Data for this task Start Marker

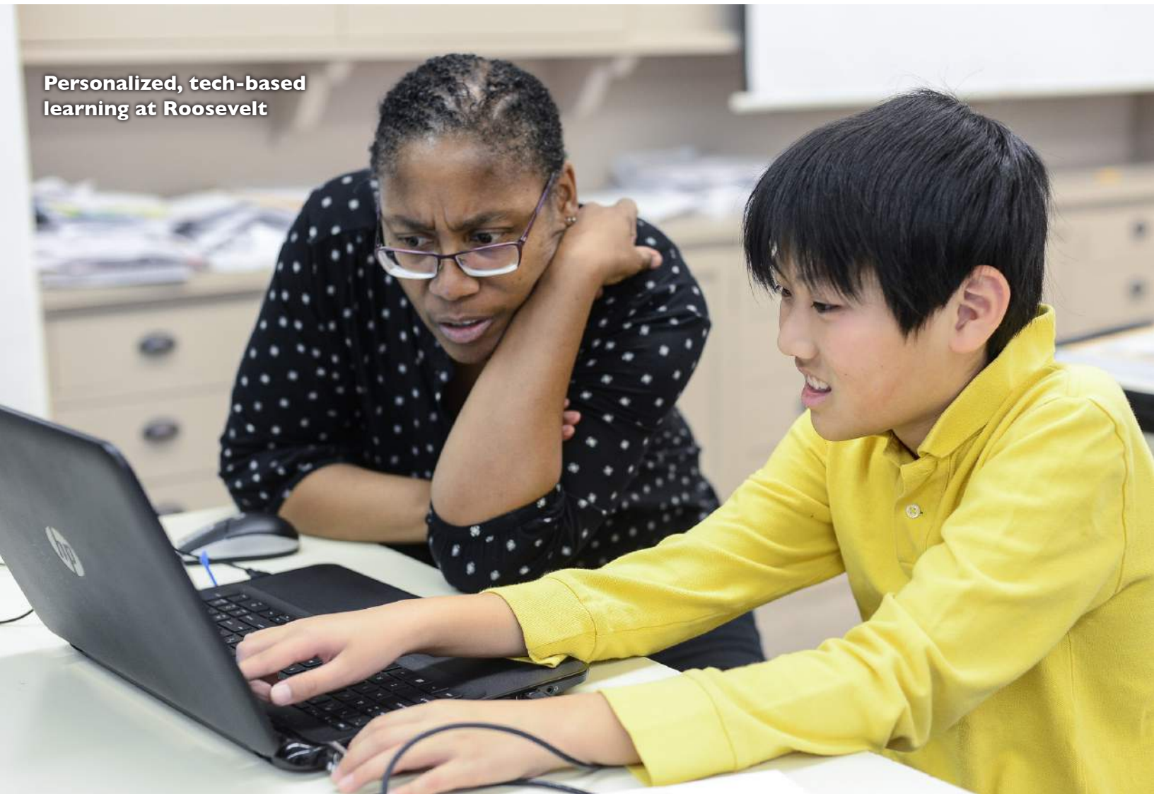
Personalized, tech-based learning at Roosevelt

Community schools stories in which we see these themes highlighted include Coliseum College Prep Academy and Martin Luther King, Jr.
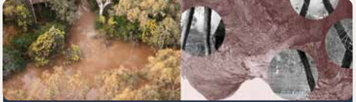
Image: Secret Stories in the Night Garden by Jutta Pryor. Banyule Art in Public Spaces program 2023

Get all the details and book an information session at banyule.vic.gov.au/ArtsProgram
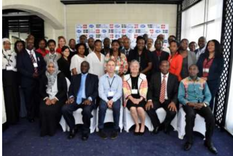
Participants from Sub-Saharan Economies and the Facilitators

In line with the frame work of the ISO Action plan for Developing Countries (APDC) 2016-2020, ISO in conjunction with the National Standards Body –the Kenya Bureau of Standards organized the regional training that drew 30 participants who were representatives of Accreditation Bodies, National Accreditation Focal points and National Standards Bodies from the Eastern and Southern African region. Members from Accreditation Bodies that were represented included SANAS KENAS, ENAO, Sudan Accreditation Council, MAURITAS, SADCA (Zimbabwe, Botswana, Mozambique, Zambia and Namibia). Representatives from other National Focal points included Uganda and Burundi.
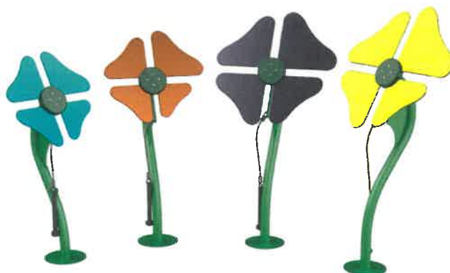
Flower Package COL-FWR | $6,068.95
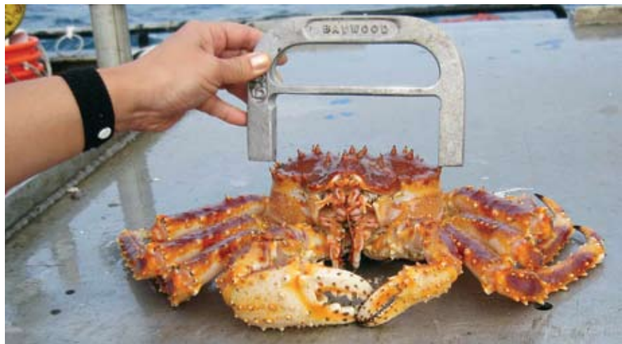
2006 Northern Bering Sea Trawl Survey – 5.5 inch blue king crab

In April, NSEDC acquired the research vessel Pandalus from ADF&G. Under a cooperative agreement with ADF&G the vessel was brought to Norton Sound in July to conduct two trawl surveys. ADF&G conducted the Triennial Norton Sound Red King Crab Trawl
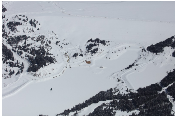
Robinson Lake / 1 Dam
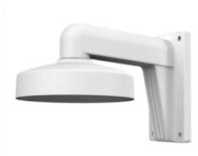
Indoor/outdoor wall mount DS-1272ZJ-110
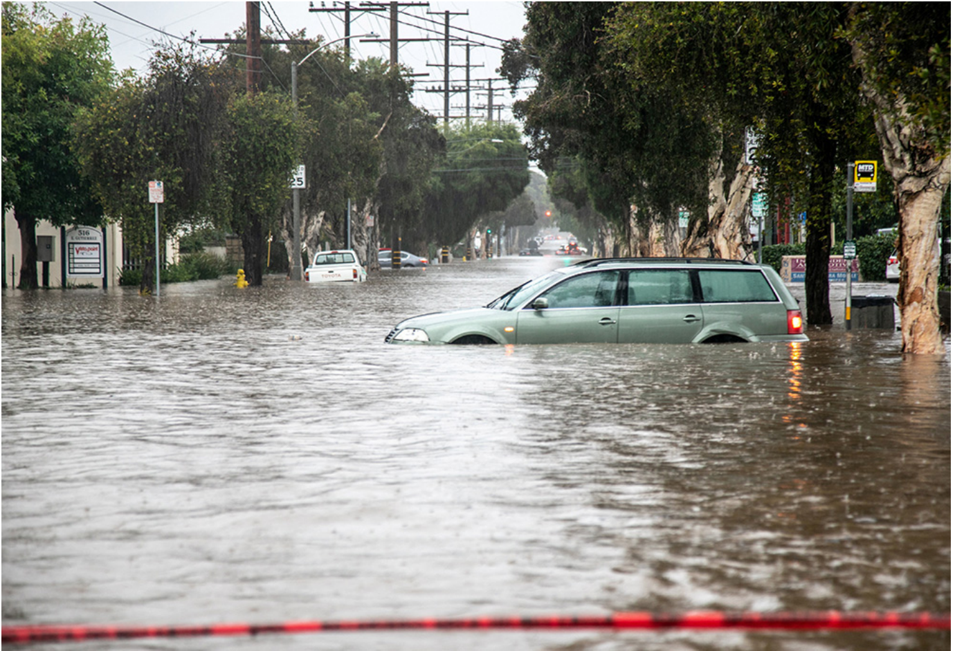
Abandoned cars are seen in a flooded street Jan. 9 in east Santa Barbara, California.
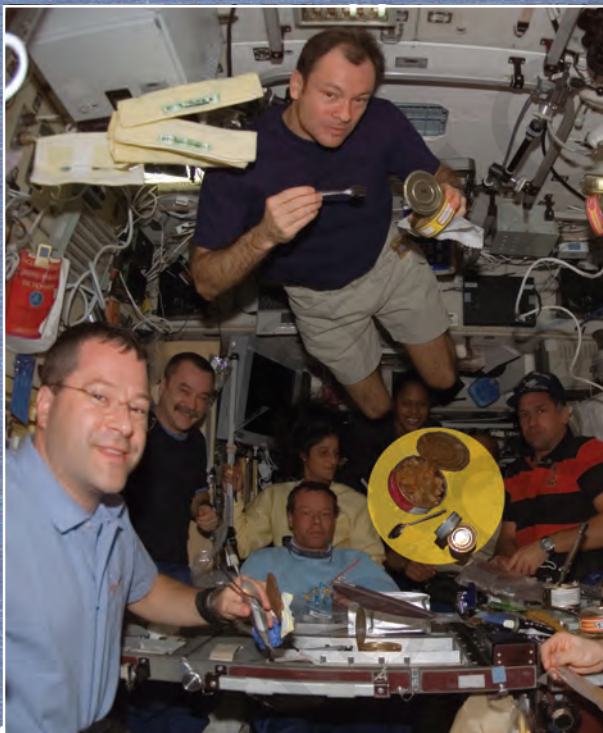
Where is this food flying away? (11-12-2006)
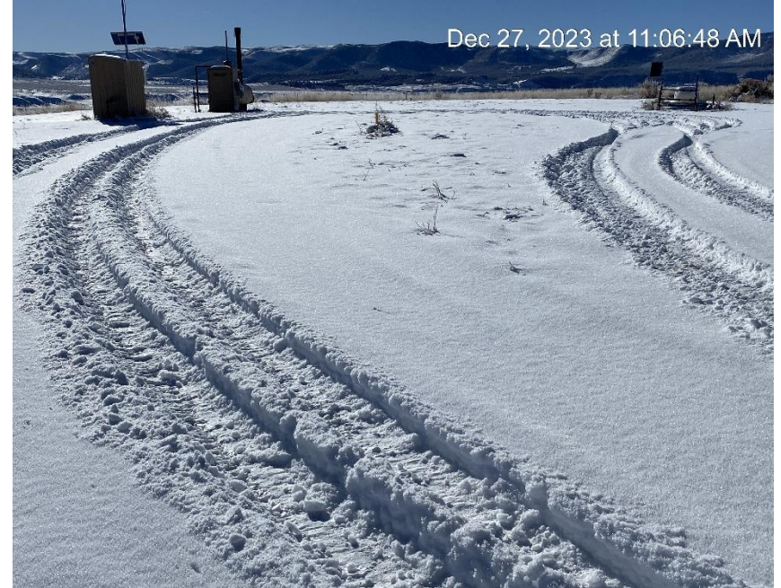
Entrance to locaton
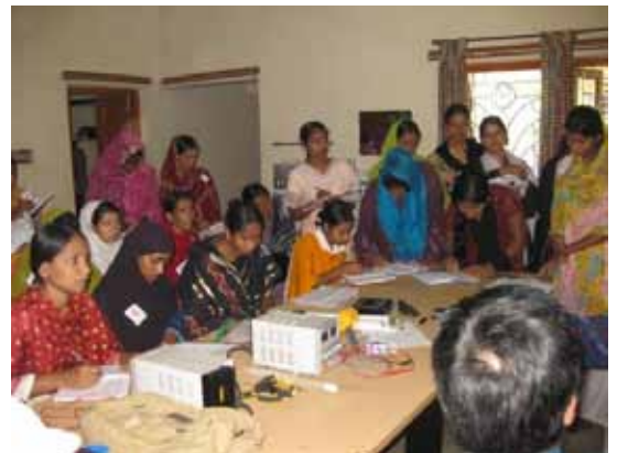
Training workshop on Solar Home Systems, Bangladesh, 2011

The Green Jobs in Asia Project (supported by the Australian Government – ILO Partnership Agreement) aims to promote Green Jobs in Bangladesh through capacity building of constituents, skills development and support in the renewable energy sector. Work in Bangladesh began in 2008-2010 under the framework of the ILO Green Jobs Initiative where renewable energy was identified as one of the key sectors for intervention. A Public-Private Partnership was successfully initiated to promote green employment, involving Grameen Shakti and the Bureau of Manpower Employment and Training (BMET), who agreed to support the training of solar technicians. As part of the activities of the project, the ILO and BMET conducted a 'Training of Trainers' workshop on Solar Home Systems in Bangladesh in November 2011. The training curriculum and packages have a focus on competency standards and ensure the integration of modules on Occupational Safety and Health and Workers' Rights for Solar Technicians as well as modules on Business Management and Entrepreneurship. The project also includes green job creation for women by developing a viable business development model and providing access to finance for the women entrepreneurship development programme.
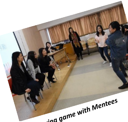
Playing game with Mentees

With the staunch support of alumnae, the SFCC Mentorship Programme was launched in June 2017 and the first batch of mentees completed the programme in March 2018. The Mentorship programme offers student participants career-related learning experience and guidance, with an aim to assist them in making informed career choices. The 10 mentors and 20 mentees were matched in accordance with the professional fields of the mentor and the career preferences of the mentees. Since the kick-off ceremony on 24 th June, 2017, mentors and mentees have met up in a number of occasions including visits to the workplace. We owe our gratitude to our dedicated mentors for offering students such invaluable experiences that would benefit them for a lifetime. I would also like to take this opportunity to thank our Franciscan teachers, Ms. Stephanie Wong and Ms. Esther Wong, for their efforts and devotion in making this programme a dream come true.
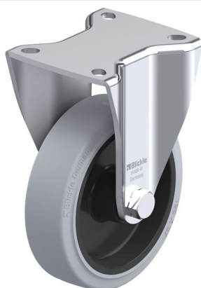
Corresponding rigid caster BH-POEV 125R-1-SG
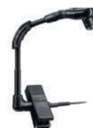
WB98H/C Clip-On Instrument Microphone
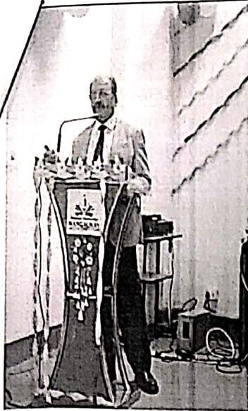
Resource person taking session
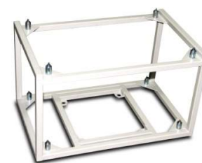
Double Layer Shaking Frame
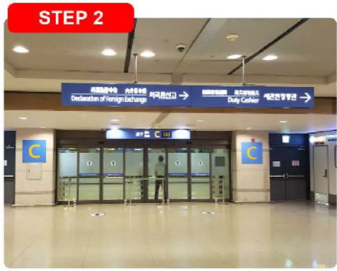
After submitting your custom form, please proceed to EXIT C

STEP 1 Please Submit your customs declaration form to the personnel before you exit

Data for this task End Marker

Your instructions → From the records above, output only the lines starting at the one containing "Robinson Lake / 1 Dam" and ending at the one containing "Training workshop on", word for word. Pictures stay out.

The answer →
Robinson Lake / 1 Dam
Indoor/outdoor wall mount DS-1272ZJ-110
Abandoned cars are seen in a flooded street Jan. 9 in east Santa Barbara, California.
Where is this food flying away? (11-12-2006)
Entrance to locaton
Training workshop on Solar Home Systems, Bangladesh, 2011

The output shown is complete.